Some of the known column-oriented commercial DBMSs are Vertica, Redshift, Sybase IQ, Exasol, Infobright, InfiniDB, MonetDB, LucidDB, SAP HANA, Google Bigtable, and more. Many have been battle-tested on different occasions and have pros and cons to each other. We’re going to look into Clickhouse rather than these known ones.
How vectorized computing is influencing ColumnStores?
The vectorization technique helps analytical calculations work faster with the help of mathematical libraries in code. ColumnStores take advantage of this and make efficient use of computing power by vectorized data processing which helps build faster analytical query engines. The model for vectorized computing fits very well with the columnar representation of the data to write highly optimized query processing algorithms. It also makes efficient utilization of CPU cache by reducing the number of columns used. The key difference is between columns versus rows/tuples have the ability to process n # of records per aggregation operator hence it speeds up the processing block of data instead of each row at a time.
What are those success stories that we commonly hear about?
Like many other Open Source projects adoption numbers, data, and details are hard to determine due to the nature of the licensing. Anyone literally can adopt and doesn’t need to publish their use case. Remembering security and compliance requirements hardening every day some will opt out to publish that they even use these technologies to avoid being targeted when a security vulnerability surfaces or for other legal reasons.
The list is long from the use case point of view of various industries. What’s interesting to see is that there are more examples of live data analysis coming than in the original OLAP data warehouses. What I mean by that is AI/ML properties will be satisfied in the Clickhouse ecosystem. The predictive functions of a strong datastore are going to be in huge demand. This is a game-changer while a fast analytical system was a dream a decade ago. Why?, it was costly to operate in a memory (fast) OLAP system and it didn’t scale either.
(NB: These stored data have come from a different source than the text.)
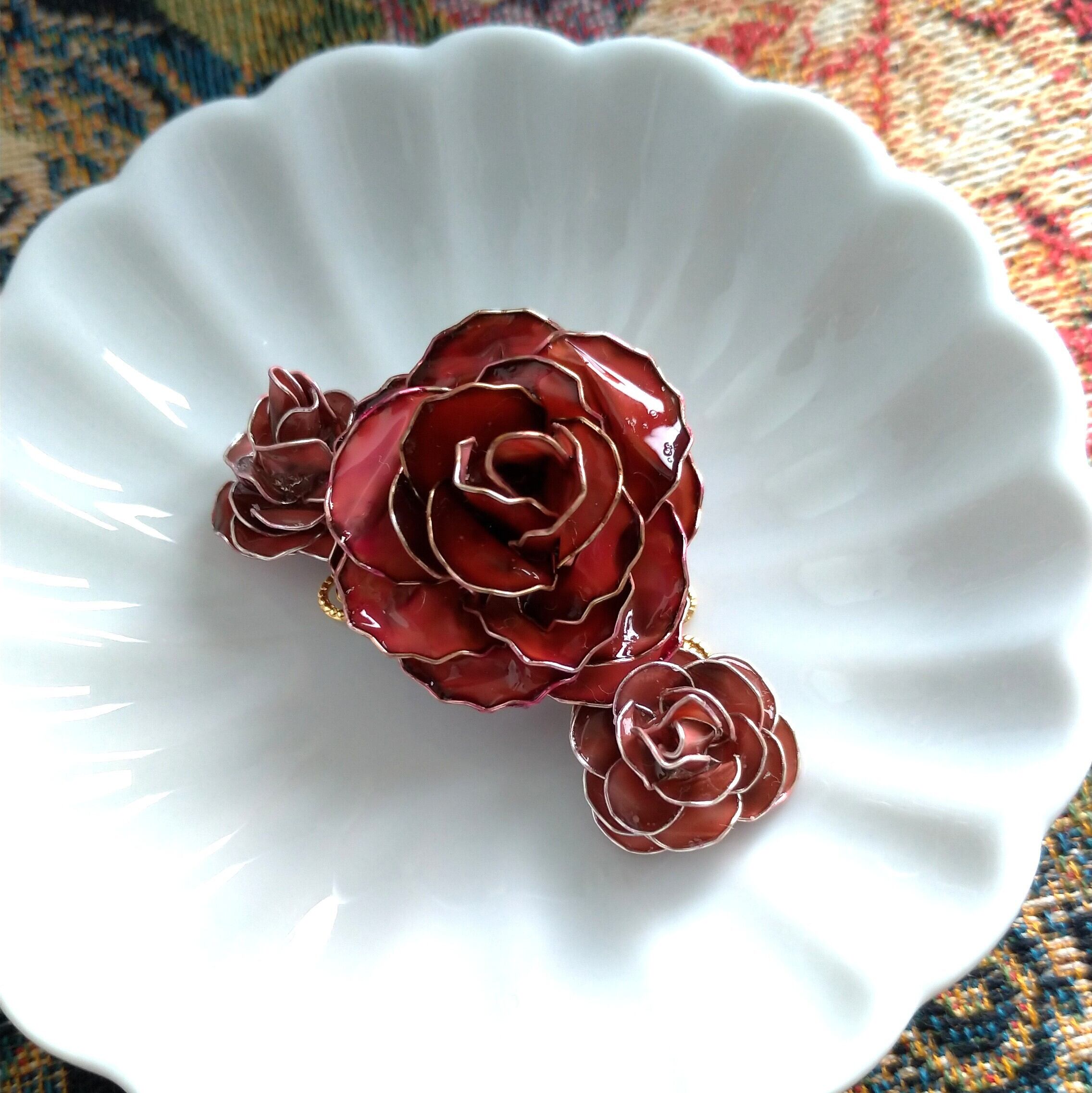 温かみのあるオレンジブラウンの花びらが上品な、ディップアートで作成したミニバラのイヤリングです。優しい色合いの花びらが耳元を華やかにしてくれます。
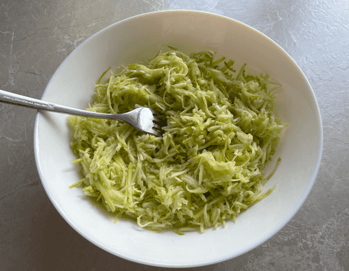 Peel the zucchini and grate it on a fine grater.
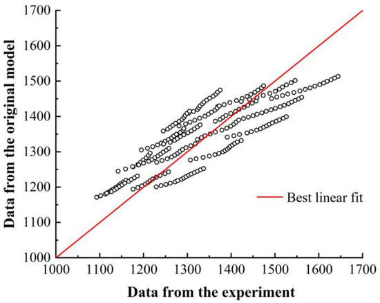 Figure 5 represents the dispersion of stress calculated using the original Johnson–Cook constitutive model compared to the experimental stress, that is, the correlation between the two sets of values. The red line in the figure represents a correlation coefficient of 1 (100%). The points above the line represents perfect agreement between the simulated and experimental values, while the points below the line indicate that the simulated values are lower than the experimental values. This figure includes data under different strain rate conditions. The calculated values of the flow stress for the γ-TiAl alloy using the original Johnson–Cook constitutive model are both higher and lower than the experimental values, with significant deviations. The correlation coefficient is only 0.838.
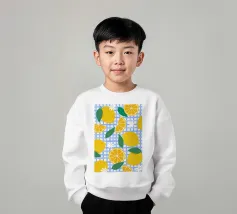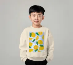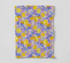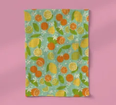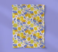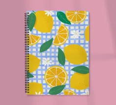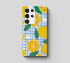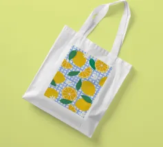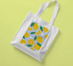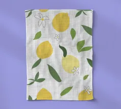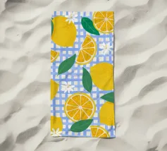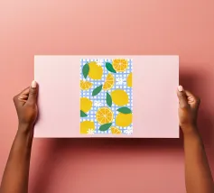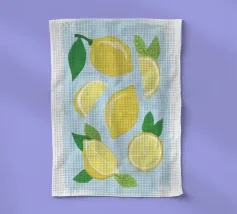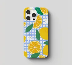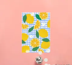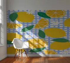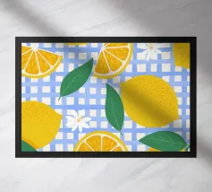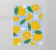 design di limoni, motivo di agrumi, decorazioni per la cucina estiva, illustrazione di frutta, arte a scacchi blu, stampa fresca e vibrante
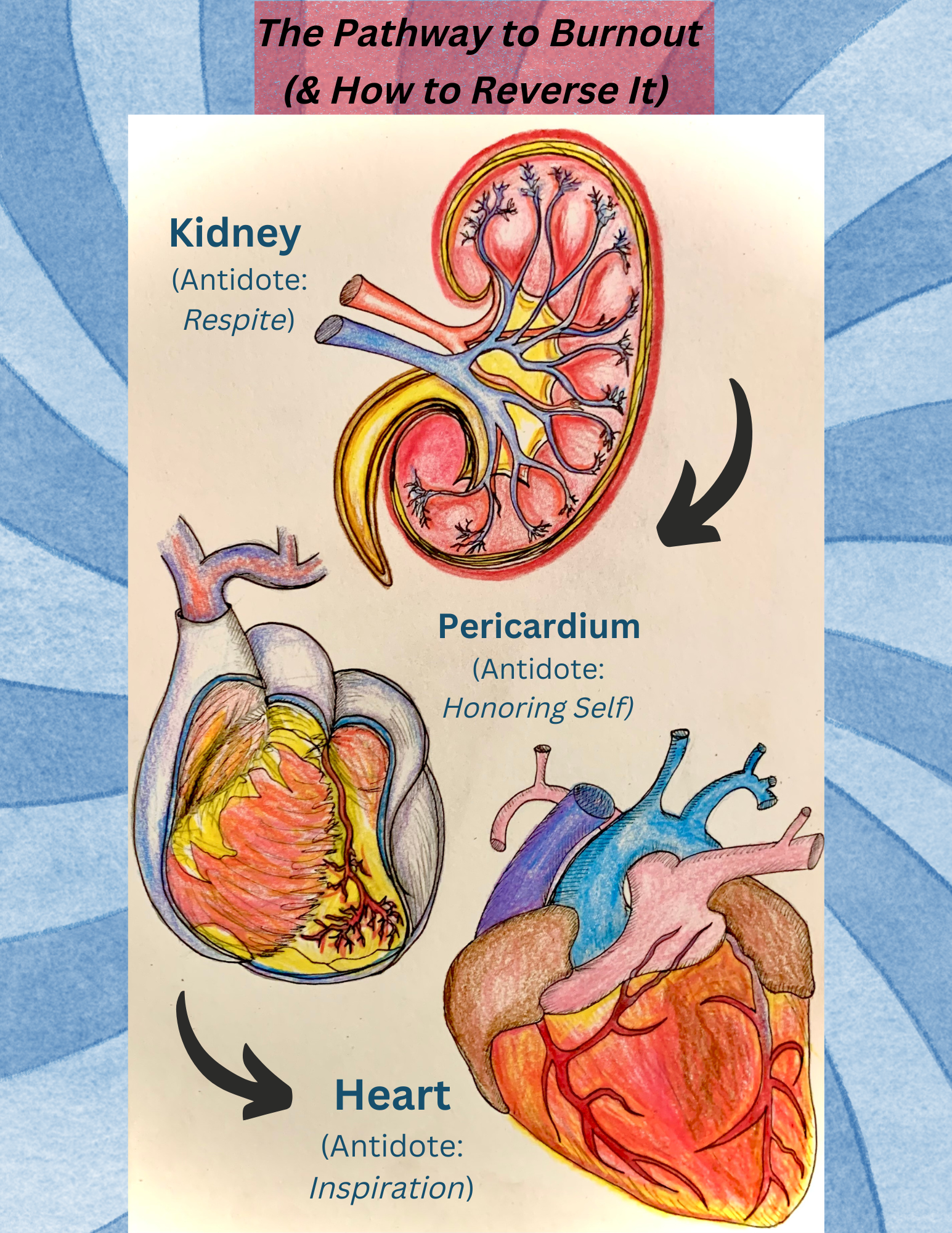 This illustration depicts the organs that are affected by burnout: first, the Kidney; leading to the pericardium; and finally landing in the heart. “There are no heart-attacks, only kidney attacks” is a phrase that illustrates the energetic interconnection of these organs. To reverse this effect of burnout, we turn to the antidotes: respite; honoring self; and inspiration, respectively.
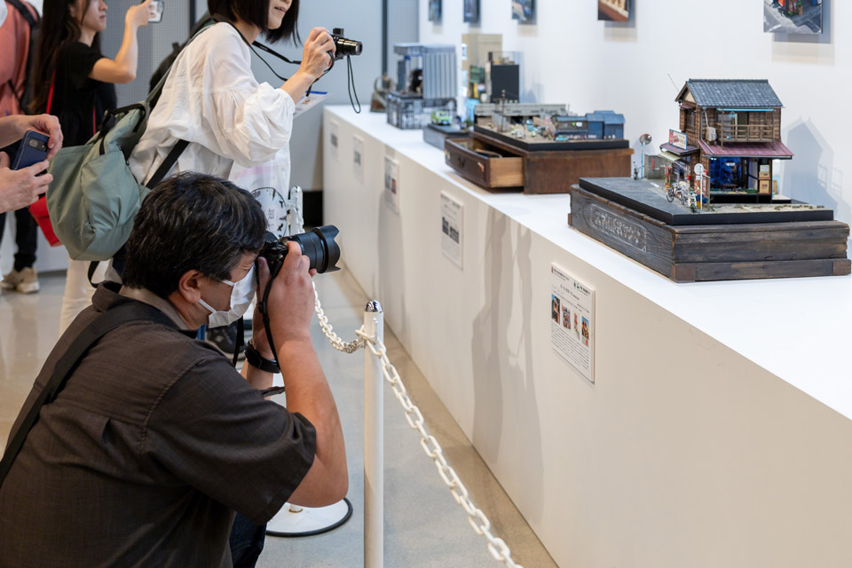 撮り方や撮る人、肉眼とカメラ越しでもジオラマの味わいが変わるため、創作意欲が刺激され、多くの来場者が真剣にカメラを構えていました。
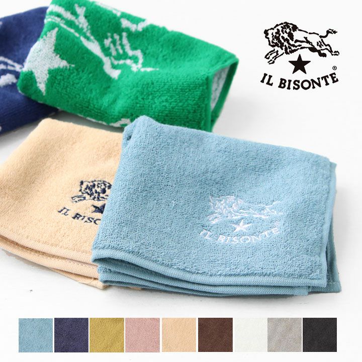IL BISONTE(イルビゾンテ)のミニタオル。四国今治で染め織りした、今治タオルを使用したミニタオル。柔らかな触り心地で、吸水性も抜群。25×25cmサイズのデイリー使いに最適なサイズで、コンパクトに畳めるのでポケットの中でも嵩張りません。バッファローロゴ入りのデザインです。
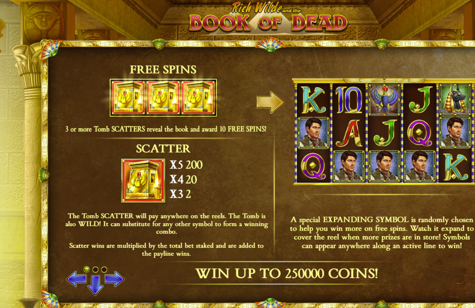 The highest-paying symbol is Rich Wilde, followed by the Egyptian gods. If one of these is chosen at the start of free spins, the potential for huge wins is dramatically increased.
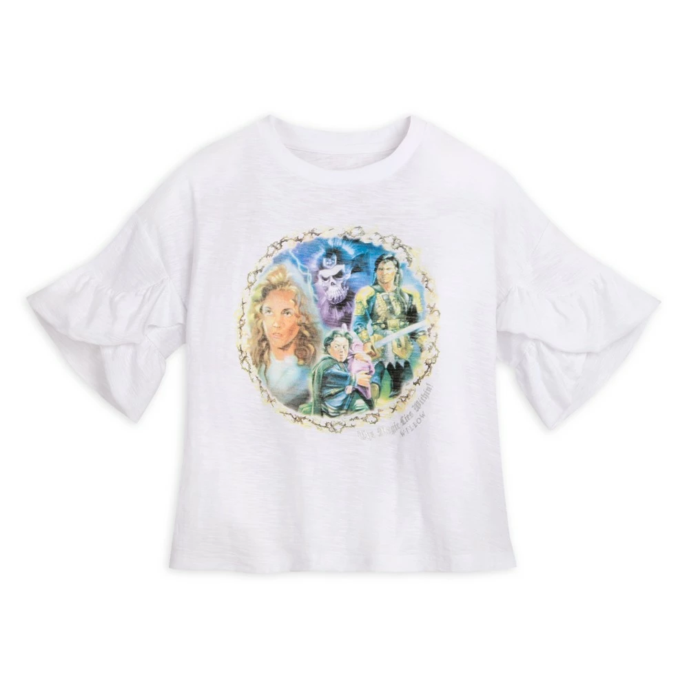 Oubliez tout ce que vous savez et vivez de nouvelles aventures avec ce t-shirt Willow ! Ce modèle court comprend un motif style rétro à l’effigie des personnages du film, ainsi que des volants sur les manches.

Costly and not scaling is something that the IT industry does not want to hear about in the same sentence.
Here’s a quick list of Clickhouse’s Advantages over traditional systems.
- Excellent compression
- Store data on disk for cost efficiency
- Vector computing
- Real-time data updates based on sort keys
- Rich choice of aggregates
- Data Skipping Indexes with Bloom Filters
- Approximated Calculation
- Built-in Replication and Sharding ecosystem
Clickhouse provides various methods for connectivity to the server. Some of them are here:
- CLI – CH client
- Native TCP
- HTTP Interface
- MySQL Wire Protocol
- Connectors JDBC/ODBC
ClickHouse also does one thing differently from others. Instead of drawing engines to themselves, it integrates popular data sources engines externally. This makes the adoption and orchestration of data much more robust than others.
List of supported integrations:
In conclusion, ClickHouse has eyebrow-raising features for those looking for fast, efficient, and open-source solutions for analytics workloads in data management platforms.